The codification of that which is exposed by public display (images, words, sounds) also operates through the gesture of a pointing finger. It is a gesture of showing, of making public, of marking the place where something is ‘held out’ to be seen and heard. Pointing towards the looting crowd separates between 'them' and 'us’. An apparatus declaring that you, she, he, they, are over there. It is at that point, on the boundary between ‘them’ AND ‘us’, that I would like to activate another remembrance, which could be taken as an indexical figure: the pointing finger itself appears all over Like Now. We see a group of performers pointing to the sky, to the other performers, to the audience and outside of the frame. A synchronized action, performed once by a group of three, then by four, turns the pointing finger into a dance movement. It comes into play in various scenes and contexts until it appears as an ornament, a choreographic element for ‘the pointy dance’, as it was described to me. The diverse enactments of pointing dilute its regime of control and judgment and address the pointer him/herself, the I. The exploiter and exploited are closer than we might have previously thought. Two and then three performers sit and point into their mouths. This might be Suicidal Finger from the list of ‘accidents’. The virus is infecting its host. The virus involves an un-controllable risk of implicating ourselves. It seems to me that there is no other way right now, in a time of insurrections, though it might become dangerous. Love is dangerous too. This would be good.
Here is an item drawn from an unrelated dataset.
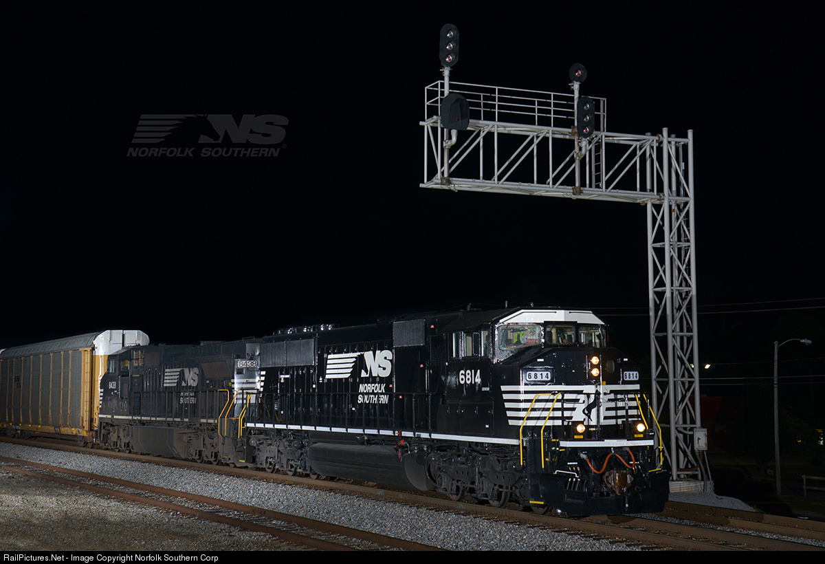 Norfolk Southern train 298 rolls east through Tallapoosa, GA, during the last few minutes of 9/11/14. Leading its first train after upgrades at Juniata Shop is "triclops" SD60M #6814. Built in 1989 as Burlington Northern 9207, 6814 is one of 8 ex-BN units recently acquired from National Railway Equipment, and the first to receive the Thoroughbred paint scheme. Photo by Casey Thomason. For more information about Norfolk Southern, visit www.nscorp.com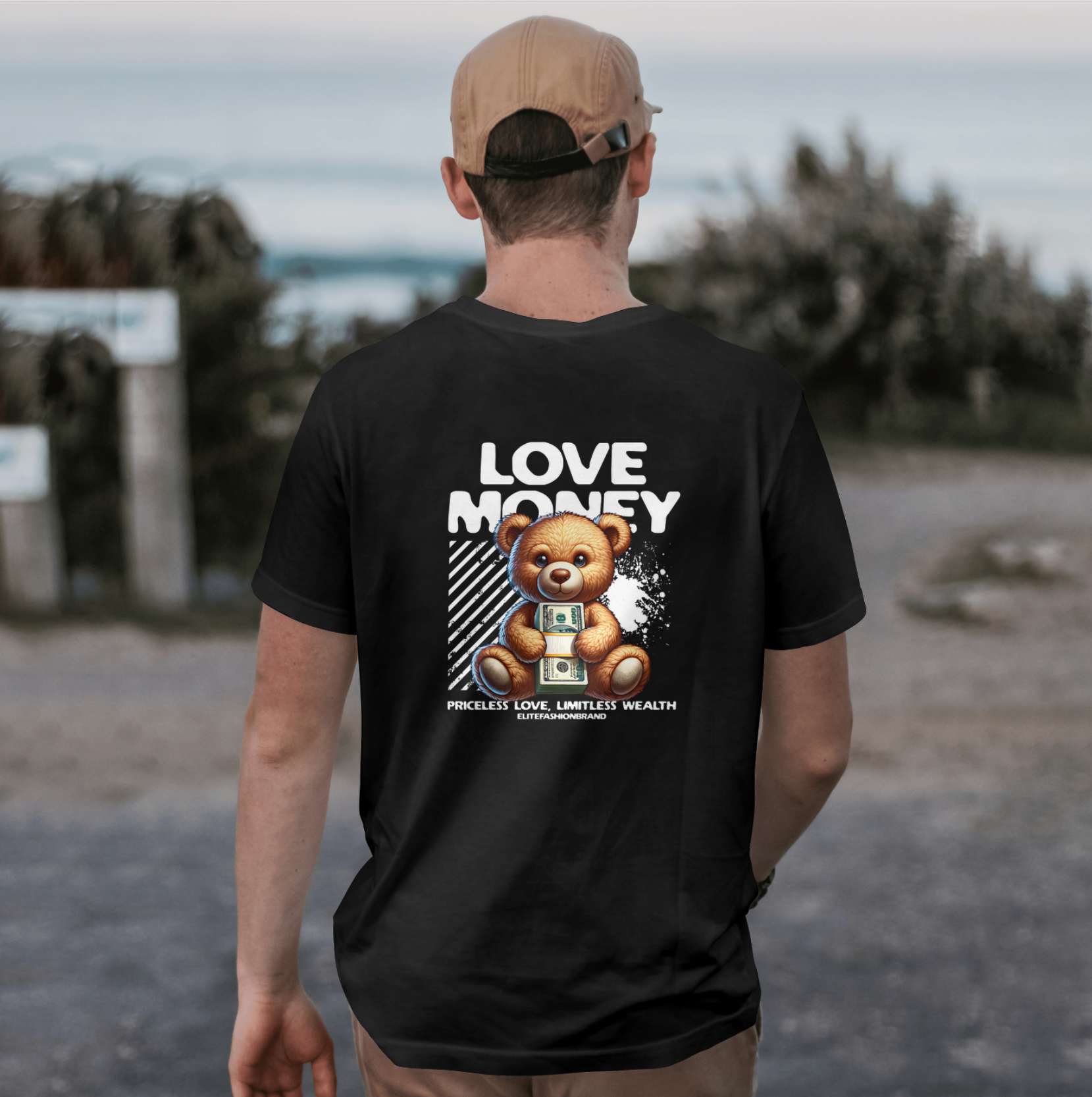 Ben jij een echte liefhebber van luxe en stijl? Maak kennis met ons opvallende "LOVE MONEY" T-shirt! Dit T-shirt brengt twee van de meest begeerde dingen samen: liefde en geld. Het perfecte statement voor wie houdt van het goede leven en niet bang is om dat te laten zien!

The ‘pointy dance’ unfolds a texture of relations and problematizes the act of exposure as a social issue. In one of the final scenes, a performer reads a monologue; it is a seemingly endless love poem with explosions of longing, all separated by an AND. No full stops, no commas. The virus infects a dualistic structure like in ‘them/us,’ ‘either/or’ and ‘good/bad.’ The AND does not function as a tool to add one description after the next one. It does not administer thinking. No, it opens up a condition for the inhabitation of a relation between you AND me. It is the moment where community could come into being. This is what I host as an infected memory from a moment of exposure, Like Now, performed in Arnhem on July 6, 2011.